Türkiye’nin gerçek sorunlarını unuttuğumuzu okuyucularımızdan gelen e-mailler sayesinde yeniden hatırladım. Türk insanın ,köylüsünün, sanayicisinin sorunlarını sanki rafa kaldırmış ,sadece azınlık adı altında ki vatandaşların sorunlarından bahseden bir ülke durumuna geldik.
Kürt açılımı, Ermeni açılımı derken ,birileri Türk açılımından bahsetse iyi olacak.
Türkiye’de şu an tam 129 bin işsiz patron olduğunu hükümetimize hatırlatmak isterim.Bunların bir çoğu Türk, Ermeni ,Kürt, Alevi yada her ne ise…Ama sonuç olarak herkes Türk vatandaşı.
Türkiye İstatistik Kurumu’nun 2009’un ikinci çeyreğine ilişkin işsizlik verilerine göre ,kendi hesabına çalışan veya işveren konumunda ki 129 bin kişi işini bırakmış veya iflas etmiş.Kapanan veya iflas eden yaklaşık 25bin işyeri toplam 330 bin kişiyi işinden etmiş. İşyeri kapandığından veya iflas yüzünden işsiz kalanların 12bini tarım , 138 bini sanayi, 127bini ticaret ve 50bini hizmet sektöründe çalışıyormuş.
Bugün ekonomik kriz bize çeşitli gündemler yaratılarak unutturulmaya çalışılsa da , Ekim ayından itibaren yeni bir kriz dalgasının kapıda olduğu uzun zamandan beri dile getirilen bir gerçek.
Özellikle Tarım sektörünün büyük darbe aldığı AKP hükümeti dönemi tarihimizde önemli bir yer alacaktır. Tarihten küçük bir hatırlatma yapmak istiyorum;
Büyük zaferin kazanılmasından önce, Mustafa Kemal Paşa, 1 Mart 1922 tarihinde TBMM'yi açılış konuşmasında köylü ve tarım sorunlarına eğilmiş "Türkiye'nin gerçek sahibi ve efendisi, gerçek üretici olan köylüdür. O halde, herkesten daha çok refah, mutluluk ve servete hak kazanmış ve layık olan köylüdür." Atatürk, İzmir İktisat Kongresi'nde yaptığı konuşmada tarımın önemi üzerinde durmuş; "Kılıç kullanan kol yorulur, fakat saban kullanan kol, her gün kuvvetlenir." değerlendirmesini yapmıştır.
Köylünün o dönemde en büyük sıkıntısı, aşar veya öşür denilen mahsulünün onda birini vergi olarak ödemesiydi. Büyük bir mali fedakarlığı göze alan hükümet, 1925 Şubatında Aşar Vergisini kaldırdı. Böylece köylü ağır ve sıkıntılı bir vergi sisteminden kurtulmuş oldu.

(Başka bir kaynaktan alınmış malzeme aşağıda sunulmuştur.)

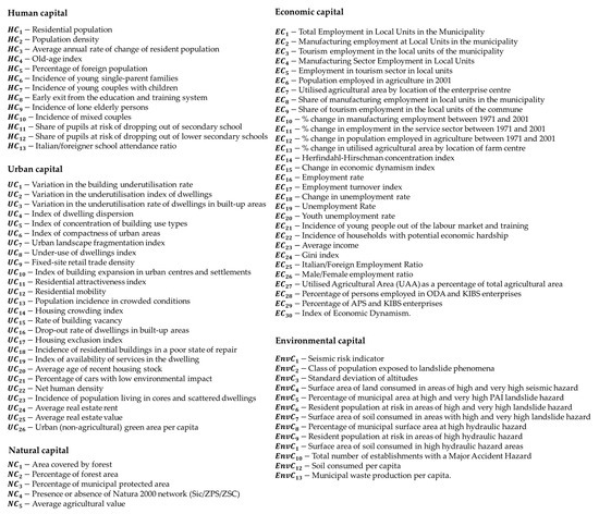 - Governo Italiano, Presidenza del Consiglio del Consiglio dei Ministri. Urban Index. Indicatori per le Politiche Urbane. Available online: https://www.pnmetroplus.it/wp-content/uploads/2017/05/presentazione_urbanindex_step7.pdf (accessed on 13 April 2022).

1925'te çıkarılan başka bir kanunla Hükümet, köylüyü topraklandırmak amacı ile bedelini yirmi yılda ödemek üzere toprak dağıttı. Ziraat Bankası, küçük çiftçilere kredi kolaylıkları tanımakla ve faiz haddini düşürmekle yararlı hizmetler yaptı. Kooperatifçiliğe önem verildi. Tarım Kredi Kooperatifleri, Ziraat Okulları ve Yüksek Ziraat Enstitüsü açıldı.
Köylüye yararlı olmak ve yardım sağlamak amacı ile tohum ıslah istasyonları, numune çiftlikleri açıldı. Traktör kullanımı teşvik edilerek, ucuz alet ve makina dağıtımı yapıldı. Atatürk çiftlikler kurarak ve modern yöntemler uygulayarak çiftçilere örnek oldu.
Günümüzde ise Tarım Reformundan bahseden ,köylüyü hatırlayan yok. Ne de olsa her şey yurt dışından ihraç edilebildiğinden ,köylünün mahsulü hibe oldu gitti.
DTP ‘li Muş Milletvekili Sırrı Sakık programlarında Toprak Reformu olmadığını söylemiş. Gözlerini İmralı’dan ayırıp biraz vatandaşlarının problemleri ile ilgilenseler belki Türk köylüsünün içinde Kürtlerin de olduğunu hatırlayacaklar.